Developments in opex reductions also contribute to maximize the NPV of the investment.

The use of a permanent magnet motor can reduce the power consumed at a given speed, when compared to alternative motor types. The permanent magnet allows for a larger ‘gap’ between the stator and rotor, which results in fewer drag losses.

The need to operate a barrier fluid dehydration unit and/or the storage of hermetically sealed barrier fluid containers, as required for mineral oil based barrier fluids, is removed because of the application of a water-based barrier fluid.

Maintenance costs are reduced; no dehydration unit maintenance, and no high-risk hydrocarbon recirculation system to be maintained. Start-up costs are reduced because water-based barrier fluid circuits do not require circulation require removing moisture from the whole system (umbilical and pump). Therefore, start-up time is minimized.

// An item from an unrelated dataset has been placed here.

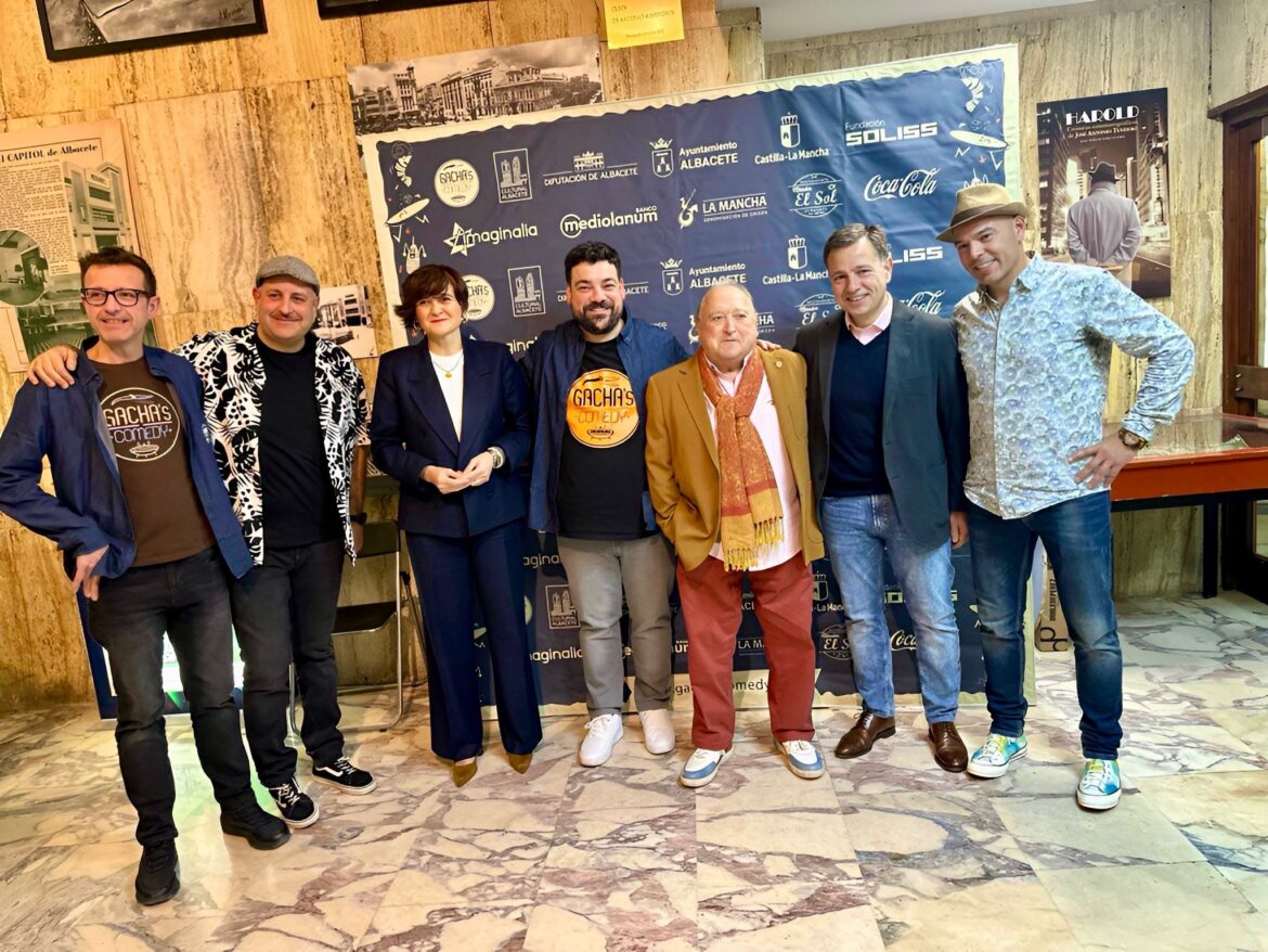 Fernando Esteso ha recibido la ‘Mención Sancho Panza’ 2024 de mano de la concejala de Cultura, Elena Serrallé, y de los directores del festival Gacha’s Comedy, Jesús Arenas y Carlos Martínez, durante el acto celebrado en la Filmoteca Municipal.

Subsea boosting technology

The subsea boosting technology utilized in the case study described above is composed of an electrically powered motor coupled to a hydraulic section consisting of impellers to boost the fluid. Power, hydraulic controls fluid and barrier fluid are transmitted subsea via a combined controls and power umbilical, which is terminated at the pump base. The power source is connected to the pump motor via a marinized connection mechanism called a ‘wet mate’ connector. Control fluid and barrier fluid tubes are connected to the pump via hydraulic multiple quick connectors at the pump station. The pump hydraulics selected are based upon the properties of the fluid. In this instance multi-phase hydraulics are utilized, which are composed of helico-axial stages. Multi-phase hydraulics can provide a medium to high pressure boost at GVFs >30%. Single-phase and hybrid hydraulics are also available.


Mudline boosting demonstrates a commercially attractive IOR solution for brownfield tie-ins and long distances tiebacks, in addition to greenfield developments. Capex reductions have been achieved through implementing standardization, reducing size and weight, maximizing the use of existing field infrastructure and integrating project execution.

Opex reductions have been achieved through reliability improvements with the introduction of standardization to reduce variation in products and components, innovative technologies such as the water-based barrier fluid system that addresses challenges to reliability experienced by the industry. Tremendous value has been and will be unlocked by the application of this technology to subsea production scenarios.